When Kpichumov and Tronchinsky began inspecting the ruined castle itself, they immediately made discoveries. Kuchumov wrote to Moscow: 'In different parts of the structure that was burned and destroyed we found a great number of fragments of furniture from the Catherine and Alexander palaces (including furniture from the Great Hall, the Karelian Reception Room of Alexander I, the Chinese Room and many others).' Then, in the East Wing: 'Near the main gate, we discovered big bronze locks that had once belonged to the Lyons Hall of the Catherine Palace.'

All of these pieces had been found within a few days and yet Brusov claimed in his report to have made a thorough search of the castle. But perhaps it was not entirely surprising, as Brusov was an archaeologist with no specialist knowledge about the Leningrad collections. And he had been working just weeks after the German surrender.

According to Tronchinsky's secret letters home, he and Kuchumov soon discovered more:

Dear Katya, we have found fragments of the Catherine Palace floor. Broken furniture from the Bolshoi Hall and the Chinese Drawing Room, as well as a cabinet from Alexander I. Anatoly Mikhailovich has to be careful. He was in the east wing when he fell through two floors, masonry pouring down on his head, he was only stopped from crashing into the cellars and killing himself by an old oak beam.
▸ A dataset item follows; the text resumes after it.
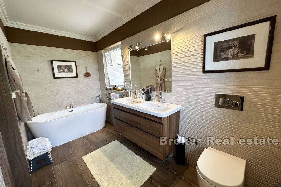 Zidovi svih kupaonica obloženi su elegantnim keramičkim pločicama, sva oprema je vrhunskih dizajnerskih marki. Unutarnje visine stropa su 2,90 cm.

Kuchumov wrote to Moscow: 'While surveying the castle, in a small ground-floor room in one of the semi-ruined towers in the middle of the south wall, we also found among the rubbish more copies of Rohde's official correspondence.' One of the letters was from General George von Kuchler, who in 1942 had replaced General Wilhelm von Leeb as commander of Army Group North, which was barracked in the Catherine Palace. Kuchler asked his 'good friend Alfred Rohde' about the safe arrival of the Amber Room 'that had been sent to East Prussia'. This new letter proved that Rohde had some useful and influential connections.
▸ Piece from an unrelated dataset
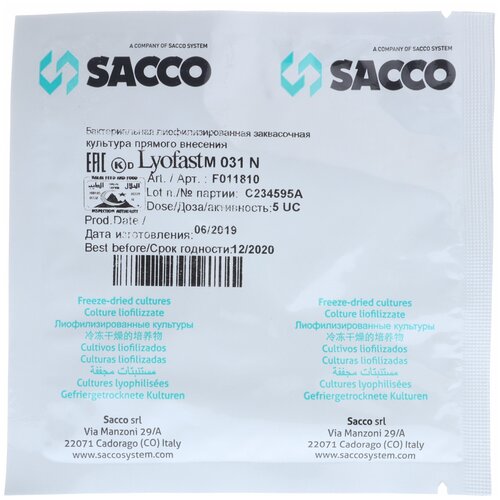 Закваска мезофильная для сыра Lyofast MO 031 10 UC (на 500-2000л, Sacco)

Kuchumov and Tronchinsky systematically worked their way through the north wing. The Knights' Hall was to be the focus of their investigation. Kuchumov wrote to Moscow: 'Here, according to Rohde, was where the Amber Room was located at different times.' Here too Kuchumov and Tronchinsky quickly found items that Brusov had missed. Kuchumov wrote: 'Our detailed searches of layers of soot, garbage and debris that covered the stone floor of the Knights' Hall where the Amber Room had possibly been burned have revealed gilded pieces of wood varnish and great amounts of furniture springs and iron parts from German wardrobes.'11 Kuchumov concluded that he had discovered more of Countess Keyserlingk's incinerated furniture collection - pieces that Rohde had told Brusov had been packed beside the Amber Room.
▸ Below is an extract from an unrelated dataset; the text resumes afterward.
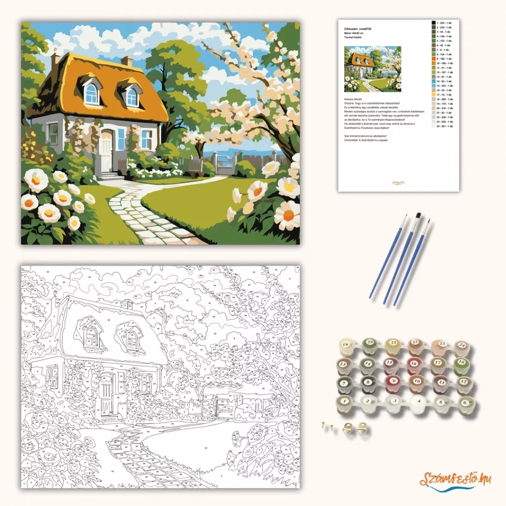 Tavaszi házikó - számfestő készlet – 50×60 cm (Keretre feszítve)

Entrance to the Knight's Hall of Konigsberg Castle

Hinges, cornices, iron strips. Kuchumov ventured that if the entire Amber Room had burned here then there would be far more evidence still lying in the rubble. There had to be something left of the twenty-two large and medium-sized amber wall panels, the four amber frames that contained the four Florentine stone mosaic pictures and the stone mosaics themselves, commissioned by Catherine the Great.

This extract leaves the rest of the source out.